AK is the perfect "Firearm" for the Mexican insurgency/cartels. You can drop it in the mud or pour sand in the breach and it will still fire and cycle shells. It's easy to duplicate and requires few precision machined parts. It's cheap, easy to acquire and can be operated with little or no training.

If Chapo can bring oceangoing freighters to Mexico's Pacific Coast with loads of precurser chemicals for Meth from China, India & Asia. You can bet there are numerous arms dealers taking up residence these days in Mexico's coastal resort cities willing to sell guns also. Don't mexicans endearingly refer to the AK as the "Goat Horn"?

The Mexican military uses the FN FAL, which is also a 7.62 round but it's a 51 mm length casing and not 39 mm like the AK. The AK is perfectly suited for the drive by "Spray & Pray" method of engagement. The longer casing of the 51 mm allows for more powder and hence higher bullet velocity and lends itself to more precision and distance shooting. FN makes a good rifle, but i would be curious to hear soldiers comments on its reliablity in an urban firefight vs. an AR.

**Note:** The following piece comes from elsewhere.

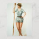 A vintage reproduction of an 1889 lithograph depicting a female rower holding an oar prited by D. Buchner & Co.

The AR or M16 platform utilizing the 5.56 round is probably the best all around "firearm" for urban engagement. The military automatic version shoots in bursts of 3 rounds or can unload a 30 round magazine in about 5 seconds.

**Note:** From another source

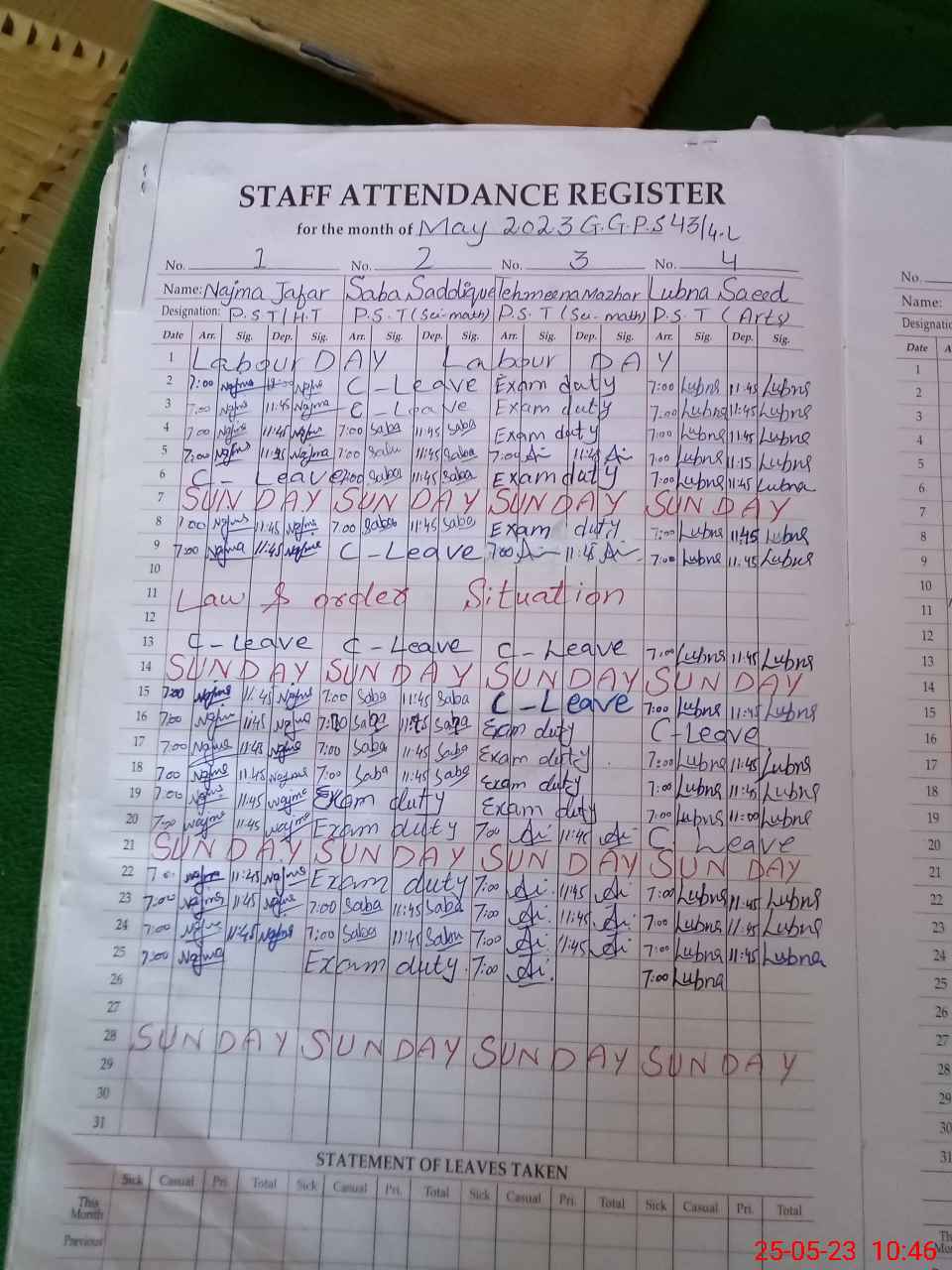 | 35**** | Sa**** Sa**** | ESE | Contract | 0 | 0 | 0 | 0 | 0 | 0 | 0 | 0 | 0 | Exam Duty |

Something i find interesting. Spend much time viewing the photos on this site of carnage inflicted on those who chose to die by the sword. And it gets easy to recognize the difference in damage to flesh and body parts between the 5.56 and the 7.62 AK and FN. The 5.56 enters the flesh and leaves a wound that resembles little more than a pin prick with a slight trickle of blood. The 7.62 lops off whole limbs or chunks of body mass and leaves flesh mangled like a meat grinder, it splits skulls open with explosive force.

Someone brought up a good point in the comments above. Why doesn't the Mexican government allow the civilians to arm themselves? The gov certainly has proven repeatedly that they can't protect it's citizens or the general population. And it seems like everyone in mexico already has a gun except law abiding citizens. Canadian and American citizens are allowed to own long guns, why shouldn't mexicans ?

Anonymous said...

If half the AK 47's are automatic, they didn't come from the United States then. The U.S. is only allowed to have semi-auto. Those semi-auto weapons are coming from somewhere else.

Anonymous said...

@ 11:18 The mexican military does not use the FAL the use an assortment of various rifles including ones that are confiscated from cartels. The use mostly M16A4 supplied by the US. I have seen them also carrying UMP45 and Uzi SMG's The Mexican Government also buys arms from Israel and other countries. Most automatic weapons the cartels use do not come from the US.

Anonymous said...

The majority of the weapons confiscated the last two years are semi auto ar-15s. Whatever supply they had of fully auto ak-47 it seems like its running out.